Vogliamo confrontare un DiMaio, un Renzi, un Salvini con la Merkel
(classe 1954, scienziata chimica)? Con un Macron (classe 1977 dell'ENA
di Francia) che ha quasi la stessa età dei nostri?. Con un Putin
(classe 1952) o un Benjamin Netanyau classe 1949?.
I nostri sono cresciuti senza sapere nulla della storia
dell'imperialismo USA e URSS e si sono trovati senza nemmeno saperlo in
un mondo con la libera (quasi) circolazione delle merci e la (un po'
meno) libera circolazione delle persone. Sono diventati grandi quando
IL muro era caduto. Quando il Vietnam era finito. Quando la guerra
d'Algeria era finita.
Sono niente perché non hanno imparato nulla. Perché non glielo hanno
insegnato ne a scuola e nemmeno perché hanno studiato e viaggiato.

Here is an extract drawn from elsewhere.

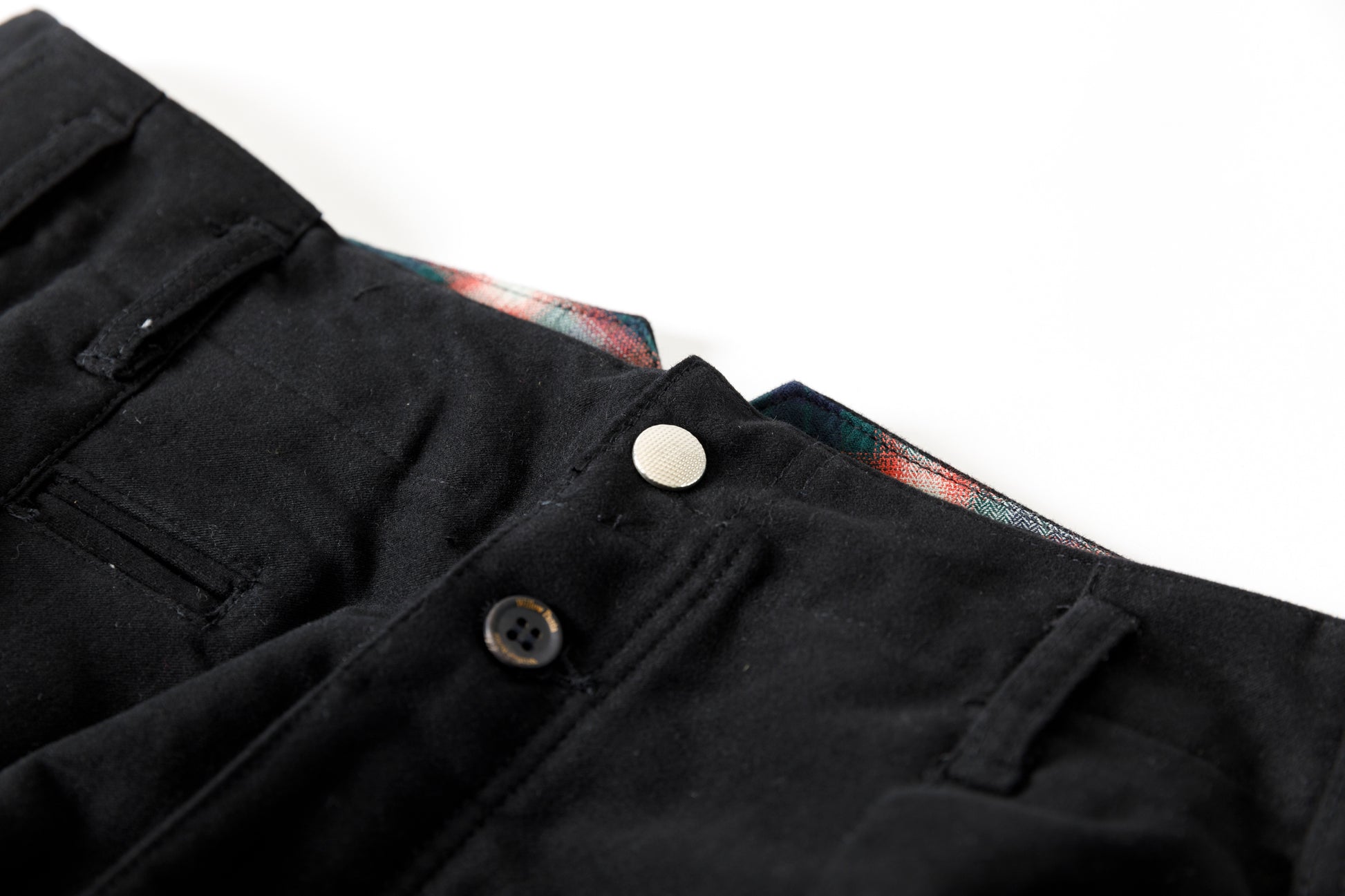 また、スラックスによくみられる天狗仕様の作りや、右下に配されたワークパンツにみられるコインポケットと異なるジャンルで構成されたディテールが面白く、デザイナー飯田さんらしく自由な発想を感じる仕上がり。

Nonno Scalfari ci consola domandandosi: Abbiamo un governo privo di
poteri e dedicato solo all'ordinaria amministrazione? E così ma
l'esecutivo non è affatto privo di poteri; l'ordinaria amministrazione
non è cosa da poca ma ogni emergenza il governo in carica deve
affrontarla e infatti così accade, sicché Gentiloni è in effetti il
capo di un governo operante e Sergio Mattarella ha tutti i poteri che
il presidente della Repubblica possiede per Costituzione, tra i quali
c'è quello di tenere in piedi un governo finché non scorga alternative
possibili e migliori. Se così non è, se quelle alternative non sono
ancora mature, quella che c'è può andare avanti tranquillamente fino al
2019 e soltanto allora si possono affrontare nuove elezioni avendo
fatto nel frattempo tutto il possibile finché la nascita di un altro
governo con una classe dirigente matura ne prenda il posto. E nonno
Scalfari si domanda: Che cosa farà Di Maio se questa è la situazione
che ha davanti? Se vede con chiarezza il presente e il futuro prossimo,
Di Maio dovrebbe uscire dalla solitudine politica, costruire una classe
dirigente pienamente addestrata, avere una chiara visione di che cosa
sia una democrazia liberale e prepararsi. Nel suo futuro governo
Gentiloni potrebbe tornare al ministero degli Esteri dove ha sempre
dato il meglio di sé, Minniti potrebbe restare agli Interni e alla
politica dell'immigrazione e il resto dovrebbe essere Di Maio a
colmarlo con collaboratori che non abbiano più nulla di grillino e
rappresentino una sinistra moderna appoggiandosi a quel Partito
democratico che dovrebbe riacquistare pienamente la sua natura che
dette il meglio di sé quando fu lanciato l'Ulivo di Prodi e il Partito
democratico di Walter Veltroni.
Mi pare la speranza di un vegliardo di buona volontà. “costruire una
classe dirigente pienamente addestrata, avere una chiara visione di che
cosa sia una democrazia liberale e prepararsi” non è una faccenda di
pochi mesi o un biennio o un quinquennio. In cinque anni fai danni
gravissimi se metti in pratica la flat-tax e il reddito di
cittadinanza. Prima che finiscano quei cinque anni la gente scende in
strada coi forconi perché la disoccupazione arriverebbe al 20% e lo
spread chissà dove.
Conclude l’omelia Eugenio Scalfari: “insomma Di Maio è la vera
soluzione del futuro se non continua a pensare all'immediato ma
comincia a preparare se stesso e il suo partito”. Di Maio ha
perfettamente compreso che la sua storia politica quasi sicuramente
finisce se non arriva entro poche settimane a Palazzo Chigi. Se
dobbiamo credere ai sondaggi di oggi il 60% dei suoi elettori vuole un
governo con la Lega ma il suo futuro compare non può accettare di
essere secondo quando adesso è il primo. In facciata 7:10 dei piddini
non vuole il matrimonio con DiMaio. L'unica soluzione si vede in
una alleanza tra Lega e 5S ma non ha futuro politico ne relazionale.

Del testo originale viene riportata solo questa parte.